At this point we assume for ease of presentation that the matrix elements $d_{{\bf i}_{q}}=\prod_{j=1}^{q}\langle z_{j}|D_{i_{j}}|z_{j}\rangle$ are real-valued and independent of $z$ (i.e., that the $D_{i}$ matrices are proportional to the identity matrix), as this is the case for many physical systems. We will discuss the necessary adjustments to the algorithm (which do not lead to added complexity) in the case where these coefficients are $z$ -dependent later on. In this simpler case we have $D_{i}=\Gamma_{i}\mathds{1}$ , for some $\Gamma_{i}\in\mathbb{R}$ and $d_{{\bf i}_{q}}=\prod_{j}\Gamma_{i_{j}}$ , so $d_{{\bf i}_{q}}/\Gamma_{{\bf i}_{q}}=1$ , and the evolution operator $\hat{U}$ becomes

\displaystyle\hat{U}=

\displaystyle\sum_{q=0}^{\infty}\sum_{{\bf i}_{q}}\sum_{{\bf k}_{q}}\frac{\Gamma_{{\bf i}_{q}}\Delta t^{q}}{K^{q}q!}\ V_{({\bf i}_{q},{\bf k}_{q})}\,,

(19)

where

V_{({\bf i}_{q},{\bf k}_{q})}=(-i)^{q}P_{{\bf i}_{q}}\sum_{z}\text{e}^{-i\delta\sum_{s=0}^{q}\alpha_{s}E_{z_{s}}}|z\rangle\langle z|

(20)

are unitary operators. While the dependence of $V_{({\bf i}_{q},{\bf k}_{q})}$ on the ${\bf i}_{q}$ multi-index is evident, we note that the ${\bf k}_{q}$ dependence is (only) via the $\alpha_{s}$ coefficients. Truncating the infinite series in Eq. (19) at some maximal order $Q$ . and rearranging terms, we find

\displaystyle\hat{U}\approx\widetilde{U}\mathrel{\mathop{\mathchar 58\relax}}=\sum_{q=0}^{Q}\frac{(\Gamma\Delta t)^{q}}{q!}\sum_{{\bf i}_{q}}\frac{\Gamma_{{\bf i}_{q}}}{\Gamma^{q}}\sum_{{\bf k}_{q}}\frac{1}{K^{q}}V_{({\bf i}_{q},{\bf k}_{q})}\,,

(21)

where we have denoted the ‘off-diagonal norm’ of the Hamiltonian by $\Gamma=\sum_{i=1}^{M}\Gamma_{i}$ . The choice for $Q$ which ensures a near-optimal scaling of resources in terms of simulation error will be discussed in Sec. III.3.
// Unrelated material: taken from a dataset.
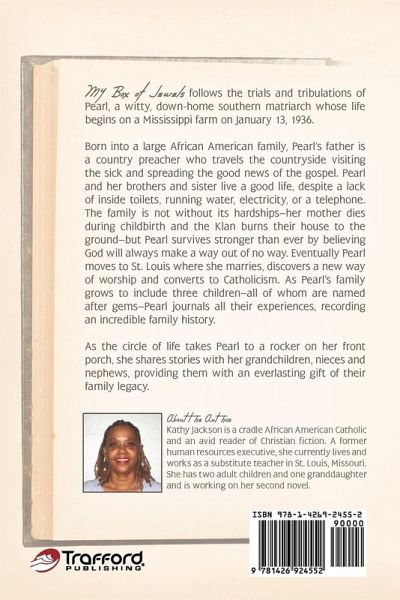My Box of Jewels follows the trials and tribulations of Pearl, a witty, down-home southern matriarch whose life begins on a Mississippi farm on January 13, 1936. Born into a large African American family, Pearl's father is a country preacher who travels the countryside visiting the sick and spreading the good news of the gospel. Pearl and her brothers and sisters live a good life, despite a lack of inside toilets, running water, electricity, or a telephone. The family is not without its hardships-her mother dies during childbirth and the Klan burns their house to the ground-but Pearl survives stronger than ever by believing God will always make a way out of no way. Eventually Pearl marries and moves to St. Louis where she discovers a new way of worship and converts to Catholicism. As Pearl's family grows to include three children-all of whom are named after gems-Pearl journals all their experiences, recording an incredible family history. As the circle of life takes Pearl to a rocker on her front porch, she shares the story of her life with her grandchildren, nieces, and nephews, providing them with an everlasting gift of her legacy.

Since Eq. (21) has the form of a linear combination of unitary operators, we can invoke the LCU technique to execute it on a quantum computer. The technique consists of two main components (i) state preparation on ancilla qubits and (ii) unitary circuits controlled by the ancilla qubits. We discuss a simple-to-implement protocol for the two in order next.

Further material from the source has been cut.